Using the distributive property helps to break down complex equations into simpler parts, making it easier to manipulate and solve them.

In algebra, combining like terms is a crucial step in simplifying expressions and equations. Like terms are terms that have the same variables raised to the same power. Only the coefficients (the numbers in front of the variables) of like terms can be added or subtracted.
For instance, in the expression \(4f + 12 + 5\), notice that \(4f\) is a term with the variable \(f\), while 12 and 5 are constant terms. The like terms here are 12 and 5, as they are both constant numbers without variables.

• To combine, simply add the coefficients: \(12 + 5 = 17\).

By combining like terms, we simplify the expression, making it easier to see what's happening with the variables and constants in your equation.

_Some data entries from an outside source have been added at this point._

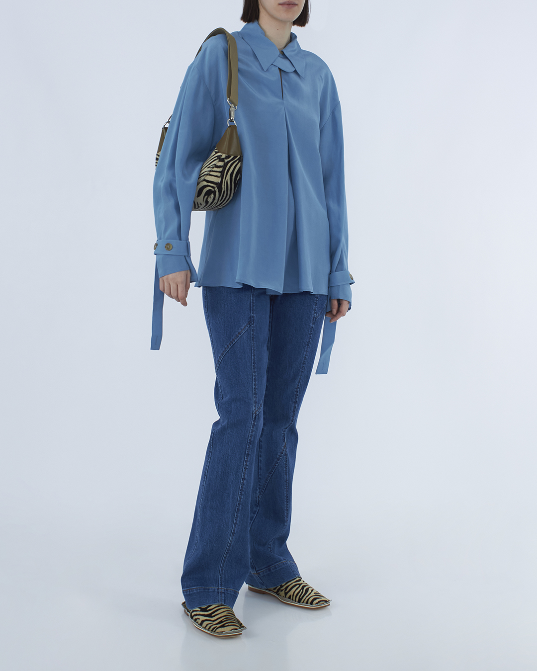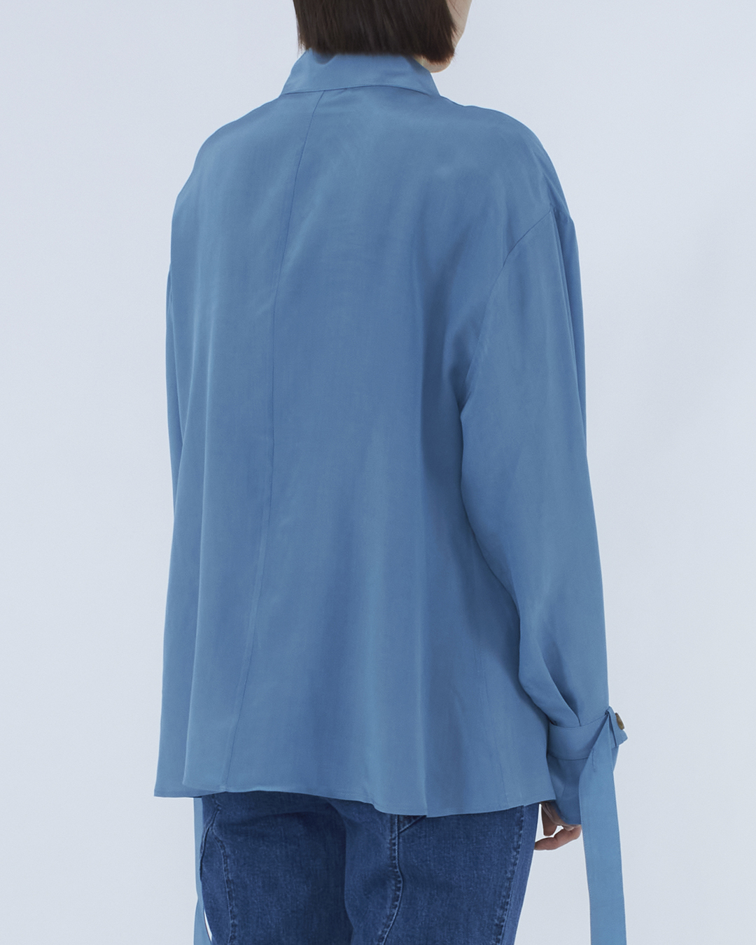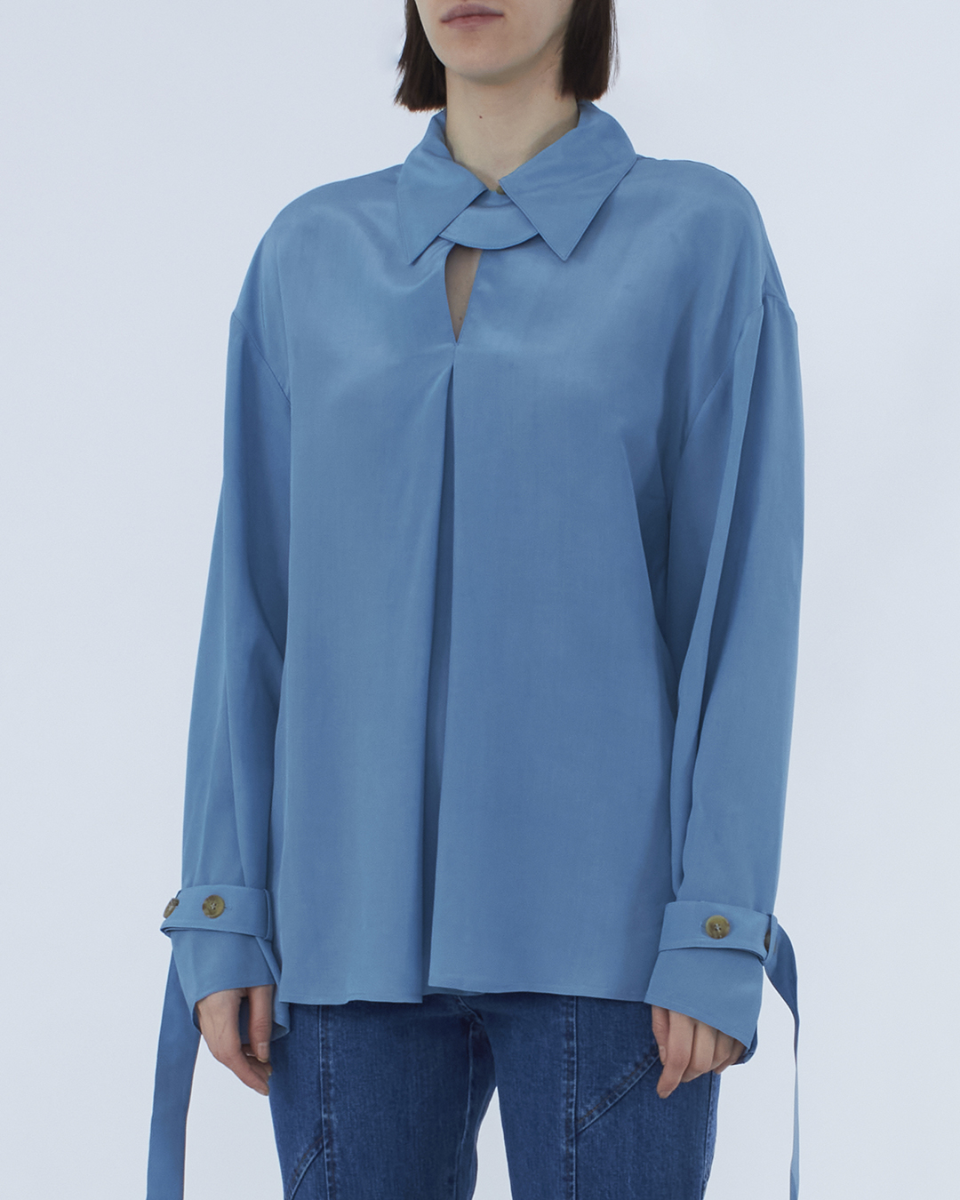 Блуза Rejina Pyo выполнена из матовой вискозы голубого оттенка. Модель свободного расслабленного кроя со встречной складкой. Блуза со спущенной линией плеч и широкими рукавами с отделкой хлястиками из основного материала.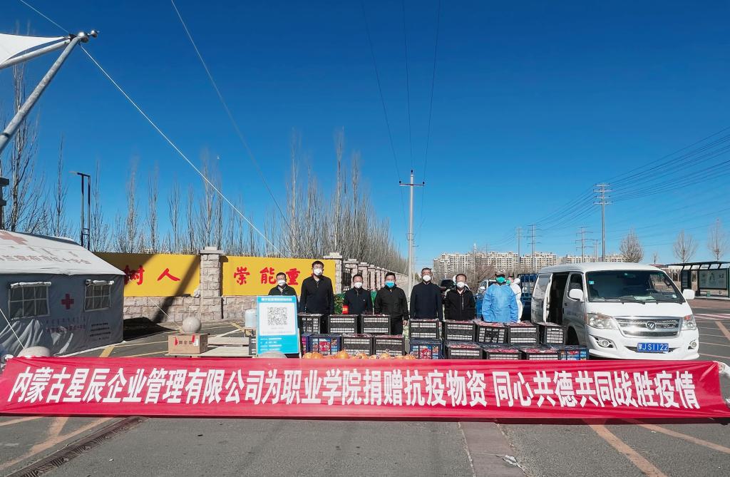 10月28日上午,内蒙古星辰管理有限公司为我院捐赠包括:桔子、苹果、大柚子共计2338斤,价值15012元的水果。学院党委书记贾军,党委副书记、院长顾建峰,党委委员、副院长郝伯为,党委委员仇文君参加了捐赠仪式。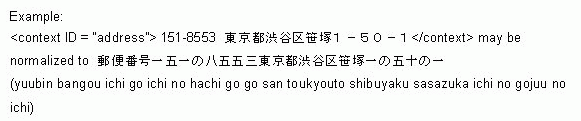 The text is normalized as an address. The exact implementation of this is left to the engine developer and may be defined in a future release of SAPI. An example is provided below:

Simplifying equations is the process of reducing them to their simplest form, making it easier to solve or understand. After applying the distributive property and combining like terms, the next step is often to move terms around to isolate variables or eliminate redundancies.
In the exercise, we simplified the equation down to \(4f + 17 = 17 + 4f\). The goal here is to get all variable terms on one side and constants on the other. When we subtract \(4f\) from both sides, what remains is the equation \(17 = 17\).

• Notice this tells us something important: the equation holds true regardless of the value of \(f\).
• This means every real number is a solution, as the equation is inherently balanced.

Equation simplification helps reveal underlying truths about equations, such as whether they are always true, never true, or true for specific values.